• Your instructions:
Print the records below exactly as they appear. Omit all pictures.

• The records:
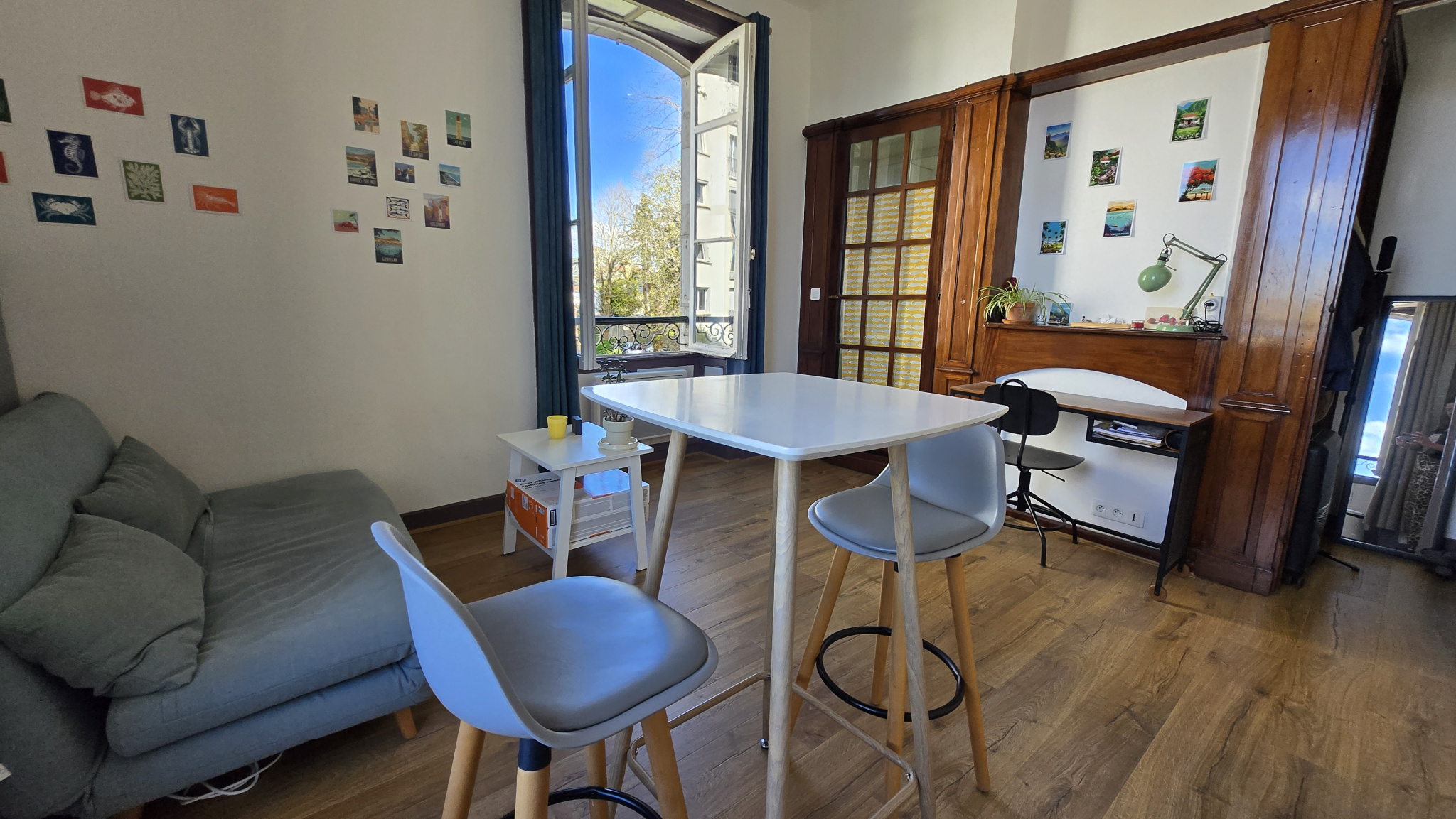 Ce adorable studio particulièrement lumineux et ensoleillé est situé au coeur du quartier Marracq à quelques minutes de Saint Léon, au 1er étage d’une magnifique villa divisée en appartements.
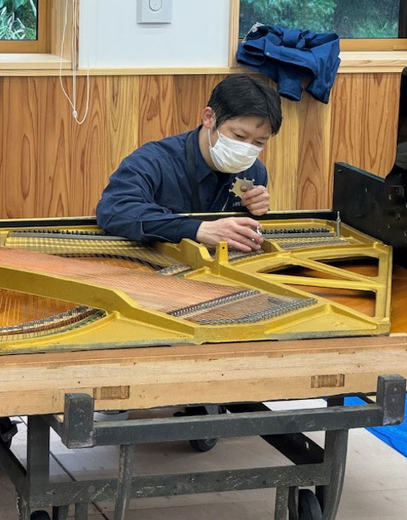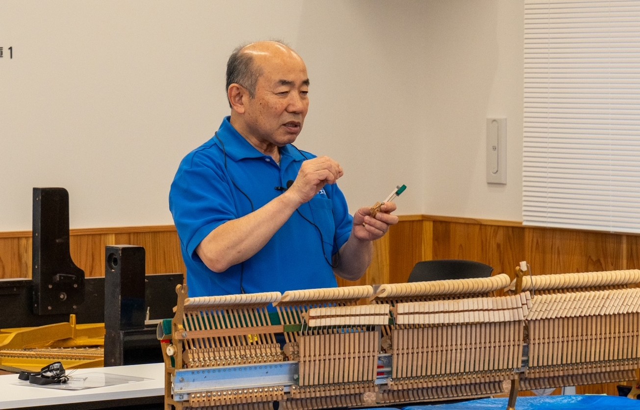 今回は研修局全国統一企画研修会講師を務める小野哲氏(小野ピアノ工房)を招聘し、小野氏のお弟子さんであられる大平氏、進藤氏もアシスタントとして帯同されていらっしゃいました。
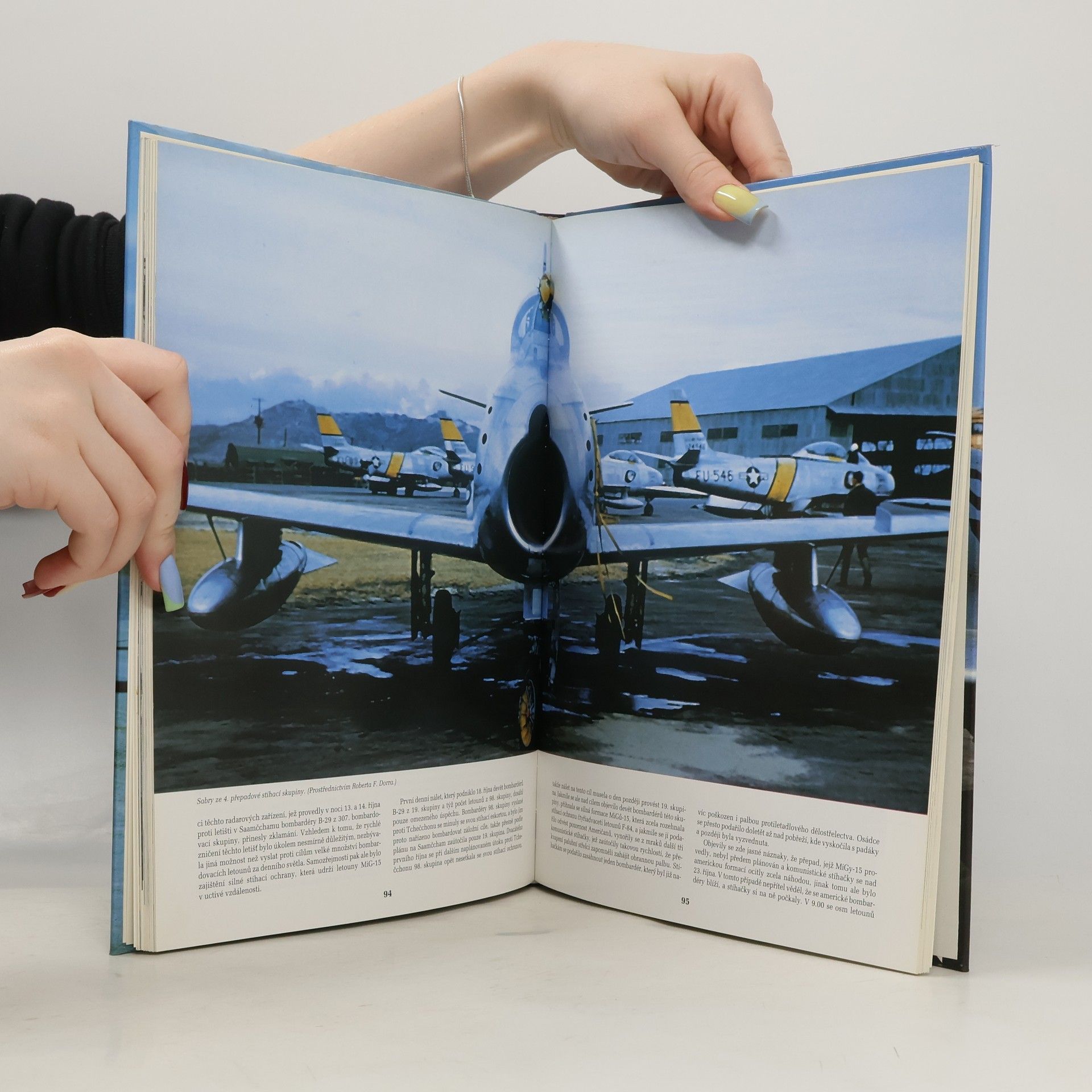Výpravná publikace o letadlech, pilotech a vzdušných bitvách korejské války. Kniha je podrobným rozborem letecké části války v Korei. Popisuje vývoj vzdušného konfliktu po jednotlivých časových etapách, podrobně se zabývá strategickými tahy obou válečných stran, přibližuje nasazení a úspěšnost různých typů letadel a v neposlední řadě mapuje osudy samotných letců. Publikace je vybavena bohatým fotografickým materiálem včetně kvalitních barevných snímků. V dodatkové části jsou přehledné tabulky, statistiky, poznámky a rejstříky.
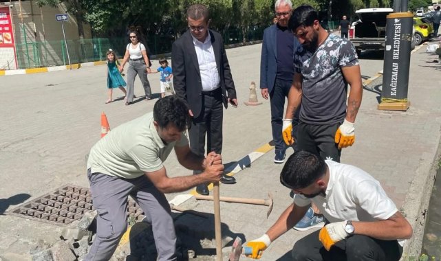 Kağızman belediyesine kayyum atanmasının ardından ilçe merkezinde kaldırım çalışmaları başladı.
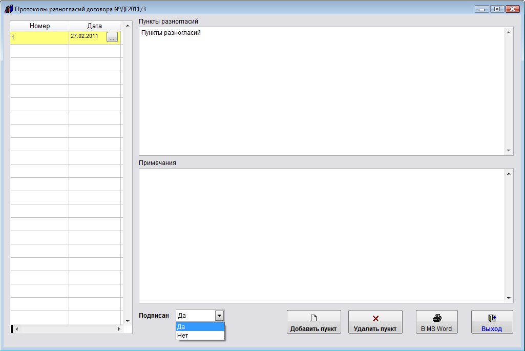 Заполните нужные параметры протокола разногласий - номер, дату, пункты разногласий.

• Result of the exercise:
 Ce adorable studio particulièrement lumineux et ensoleillé est situé au coeur du quartier Marracq à quelques minutes de Saint Léon, au 1er étage d’une magnifique villa divisée en appartements.
 今回は研修局全国統一企画研修会講師を務める小野哲氏(小野ピアノ工房)を招聘し、小野氏のお弟子さんであられる大平氏、進藤氏もアシスタントとして帯同されていらっしゃいました。
Výpravná publikace o letadlech, pilotech a vzdušných bitvách korejské války. Kniha je podrobným rozborem letecké části války v Korei. Popisuje vývoj vzdušného konfliktu po jednotlivých časových etapách, podrobně se zabývá strategickými tahy obou válečných stran, přibližuje nasazení a úspěšnost různých typů letadel a v neposlední řadě mapuje osudy samotných letců. Publikace je vybavena bohatým fotografickým materiálem včetně kvalitních barevných snímků. V dodatkové části jsou přehledné tabulky, statistiky, poznámky a rejstříky.
 Kağızman belediyesine kayyum atanmasının ardından ilçe merkezinde kaldırım çalışmaları başladı.
 Заполните нужные параметры протокола разногласий - номер, дату, пункты разногласий.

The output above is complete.